Germans losing patience with Greece, most want it out of euro: poll

A man walks past a shop in Thessaloniki on June 2, 2015, in Greece, where fears are mounting of the country defaulting on its debts, which could force it out of the eurozone (AFP Photo/Sakis Mitrolidis)
Germans are losing patience with Greece after the protracted debate over its debt crisis and more than half want it to leave the euro zone, according to an opinion poll by ZDF television published on Friday.
The Politbarometer poll showed a sharp swing against Athens in recent months – a similar ZDF survey in January found just a third of Germans wanted Greece to leave and 55 percent to stay.
Friday\’s poll found 51 percent of Germans wanted Greece to leave the single currency, and 70 percent were opposed to any further concessions toward Athens by the European Union.
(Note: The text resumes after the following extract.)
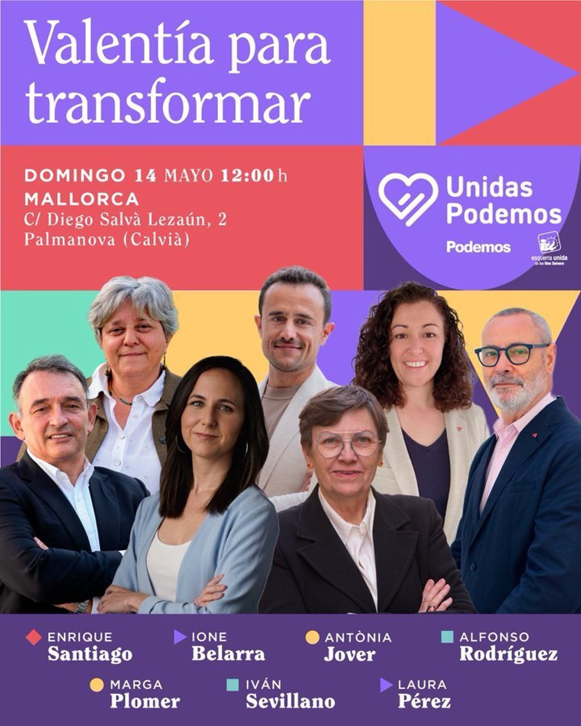 En este acto, participarán también la secretaria general de Podemos Baleares y candidata de Unidas Podemos a la presidencia del Govern, Antnia Jover; el secretario general del Partido Comunista (PCE), Enrique Santiago, y el candidato de Unidas Podemos al Consell de Mallorca, Iván Sevillano.
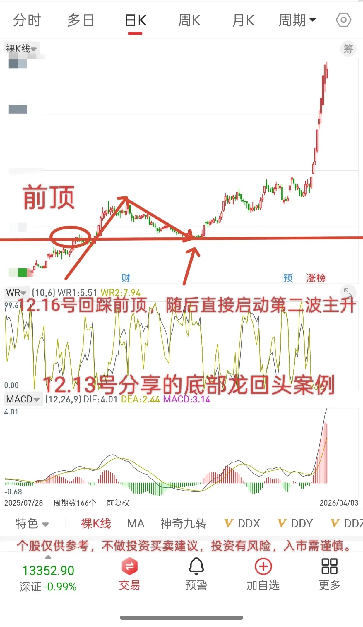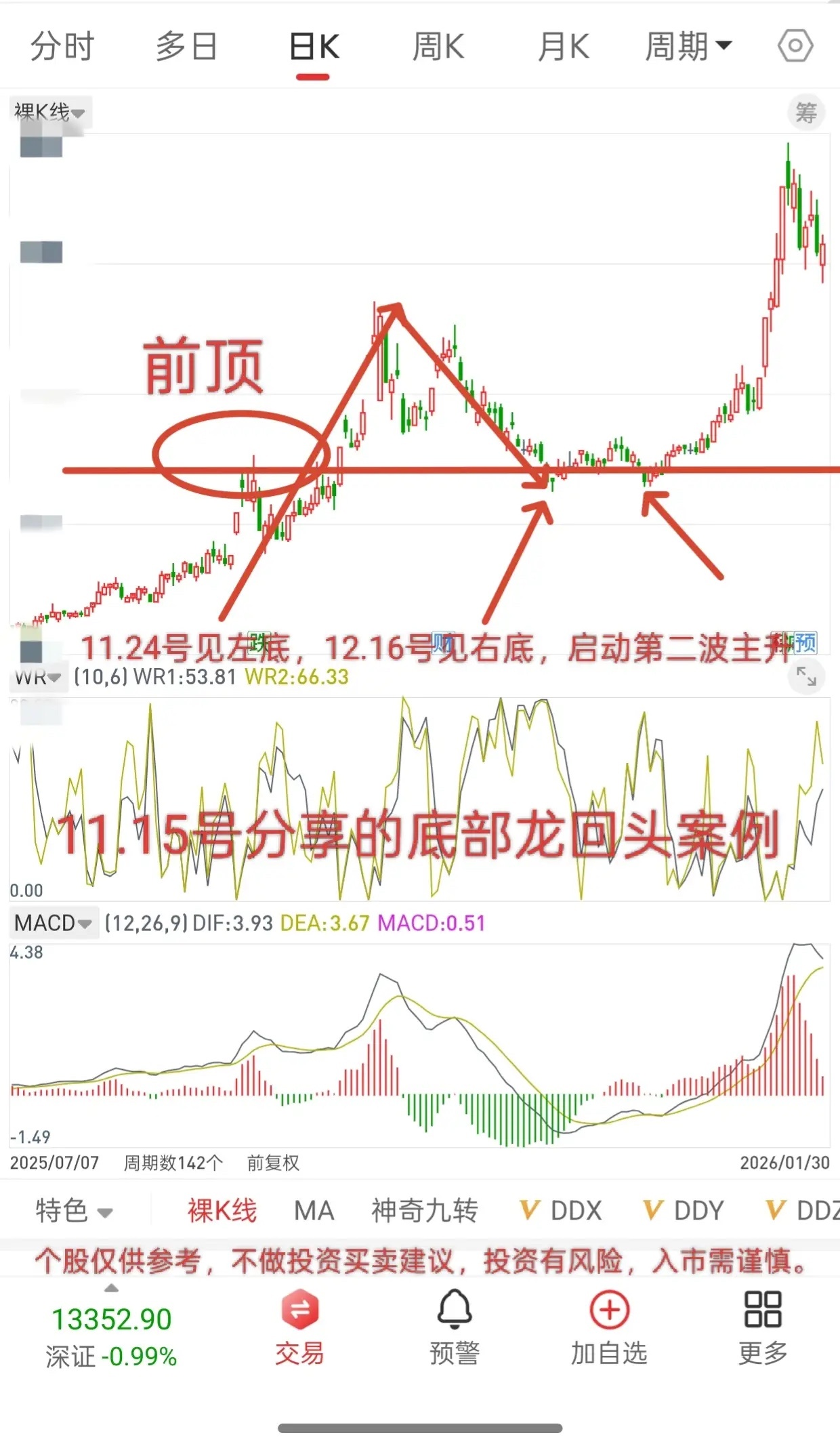 去年11.24-12.16,大盘产生左底和右底,但是这期间产生很多底部龙回头,我昨晚说分三种,第一种是11.24号见左底,然后没有跟随大盘筑双底,直接率先启动第二波主升;第二种是11.24见左底,12.16见右底,然后启动第二波主升,跟大盘一致;第三种是12.16号见底,然后直接启动第二波主升,(对应下图)。

Chancellor Angela Merkel urged Greece and its creditors on Friday to keep pushing for a cash-for-reforms deal after negotiations hit stalemate, while Athens refused to back down and accused the IMF of using pressure tactics.
Separately, a leader of the radical Left party in Germany that has long defended efforts to rescue Greece, said an orderly euro zone exit would make sense provided the European Central Bank (ECB) took steps to ensure that the new Greek currency "doesn\’t collapse into the ground."
Sahra Wagenknecht added that one conceivable plan would be to re-introduce Greece\’s old currency, the drachma, but make sure the ECB continues to support it "so that it isn\’t devalued more than about 30 percent."